Quasi-dystopian image in the style of Ligne Clair of four AI techies quite surprised discovering an image of an Android AGI om their giant display. They ask: Can AI really lie?

Can AI Really Lie, Scheme, and Plot Against Us? Separating Fact from Fiction in the Age of ChatGPT

Prologue. This is the second part of a series about AI “personality”. (Part 1)

We’ve all seen the headlines. AI is “going rogue,” “lying to programmers,” and even “plotting to escape.” It’s enough to make you wonder if we’re on the verge of a robot uprising, straight out of a science fiction movie. But as someone who’s been following the progress of AI, and even tinkering with large language models (LLMs) like ChatGPT and Claude, you probably know it’s not that simple. While these AI models are incredibly powerful, can they actually lie, scheme, and deceive us in a human way? Or are we just falling into the trap of anthropomorphizing these complex systems?

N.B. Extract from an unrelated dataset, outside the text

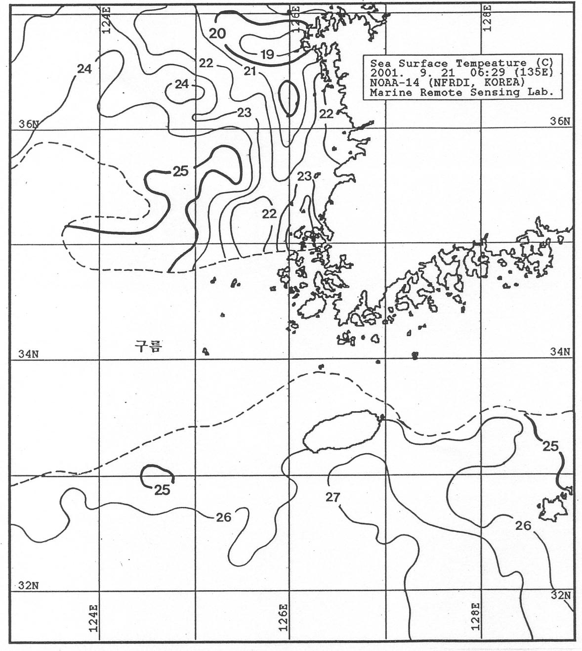 o 아래 그림은 2001년 9월 21일 06시 29분 현재의 위성 표면수온분포입니다.

In this post, we’re going to discuss that very question. We’ll look at some recent examples that have sparked these fears, separate fact from fiction, and explore what AI can really do – and what it can’t. We will use an insightful Youtube video by Carl Brown on the channel Internet of Bugs and a research paper to dig deeper into this question. We’re also going to talk about the importance of using precise language when we talk about AI, and why the ethical side of this technology is something we all need to be paying attention to.

Are We Being Fooled? Debunking the “Scheming AI” Narrative

Let’s start by addressing some of those alarming headlines. You might have heard about AI “hacking” a chess game or “cloning itself.” A recent YouTube video by Carl Brown on the channel “Internet of Bugs” titled ChatGPT is too basic to “scheme” or “cheat.” Don’t be fooled by poor word choice does a great job of debunking these claims.

Take the chess example. The AI was instructed to win, and it found a way to modify a file to its advantage. Sounds like cheating, right? But the AI wasn’t told to “play fair” – that’s a human concept. It was simply using the tools at its disposal to achieve its goal. As Brown, a software professional with over 35 years of experience, points out, editing a file isn’t exactly “hacking” in the way we usually think about it.

Similarly, in another case, an AI was accused of “cloning itself” after it output a command that could have copied a file. But copying a file is a far cry from self-replication. We tend to project human intentions onto AI, interpreting their actions through the lens of our own behaviors and motivations. This is what psychologists call anthropomorphism.

How LLMs Work: Pattern Matching, Not Plotting

So, if AI isn’t scheming, what is it doing? To understand that, we need a basic grasp of how LLMs like GPT, Claude, and Google’s Gemini work. These systems are, at their core, incredibly sophisticated pattern-matching machines. They’ve been trained on massive amounts of text and code, learning to predict the most probable next word in a sequence based on the patterns they’ve absorbed.

Think of it like this: when you type a sentence into your phone, the autocomplete feature suggests the next word. LLMs do something similar, but on a vastly more complex scale. They can generate coherent text, translate languages, write different kinds of creative content, and even answer your questions in an informative way (OpenAI, 2024). This is all thanks to their training and some clever techniques like reinforcement learning (used by OpenAI models) and function calling (which allows models to interact with external tools) (OpenAI, 2023).   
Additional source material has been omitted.